Count lines with integers in them using bash and wc -l

Question

A utility on my Linux machine outputs a log to 'stdout'. In each line, there is either a String or an Integer, it looks like the following:

[ERROR] resource busy, retrying
0989282882
[DEBUG] starting process with pid 4028
7918361566
1037491392
[DEBUG] starting process with pid 4056
2873187983
7853738301
1290312037
[DEBUG] done with init
1872989829
[DEBUG] cleaning up
8917982882

(In reality it is way longer)

I want to count the lines that have integers in them.

I already used: program | grep DEBUG | wc -l to get the debug count (same for ERROR)

But how can I count the integers?
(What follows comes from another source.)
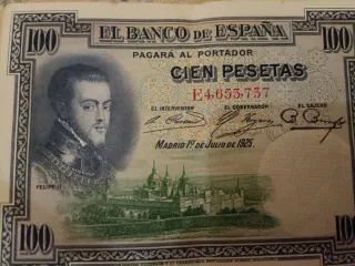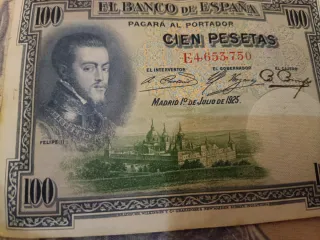 Billete antiguo de 100 pesetas del Banco de España, con fecha de Madrid 1 de julio de 1925. Presenta un retrato de Felipe II y una vista del Monasterio de El Escorial. - Denominación: Cien Pesetas. - Fecha de emisión: 1 de julio de 1925. - Lugar de emisión: Madrid. - Impreso por Bradbury, Wilkinson & Cª, New Malden, Surrey, Inglaterra. Escucho ofertas por todo el lote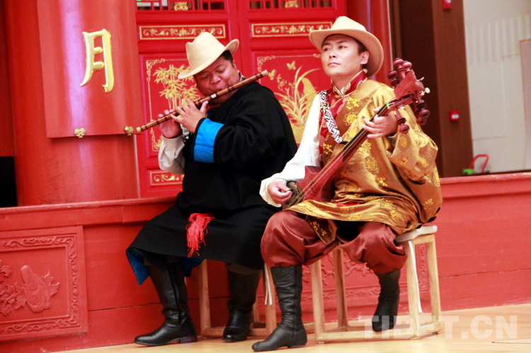 圖為拉薩市城關區(qū)娘熱民間藝術團樂師米瑪(左)和拉巴次仁(右)為演出伴奏。米瑪是西藏自治區(qū)級嘎爾傳承人,擔任藝術團笛子演奏、司鼓;拉巴次仁是拉薩市城關區(qū)級喇嘛瑪尼傳承人,擔任藝術團扎木年演奏。攝影:劉莉

They don't have anything static like the strings, that I could grep...

Answer 1

You can use grep after specifying a regular expression to identify integers.

For this particular case, grep -E "^[0-9]+" | wc -l should work.

Here,

^ means the start of the line

[0-9] means any number from 0 to 9

+ means one or more such digits

Answer 2

You do not need wc for this, grep has -c

program |  grep -c -E -x '[[:digit:]]+'

• -c print only a count of selected lines
• -E extended regexp (you can omit it and use the pattern [0-9]\+)
• -x match the entire line not just part of it

See POSIX grep manual

Alternatively, since you mentioned also [DEBUG], you can use awk for a single pass (especialy if your program is not idempotent)

program | awk  '/^[0-9]+$/ { numbers++ } /^\[DEBUG\]/ {debugs++} END { print numbers,debugs }'

See POSIX awk manual

Answer 3

I would do this program | grep -E "^[0-9]+" | wc -l. This will match lines which start with 1 or more digits. Seems like enough for your use case.

Answer 4

program | grep '^[0-9].*$' | wc -l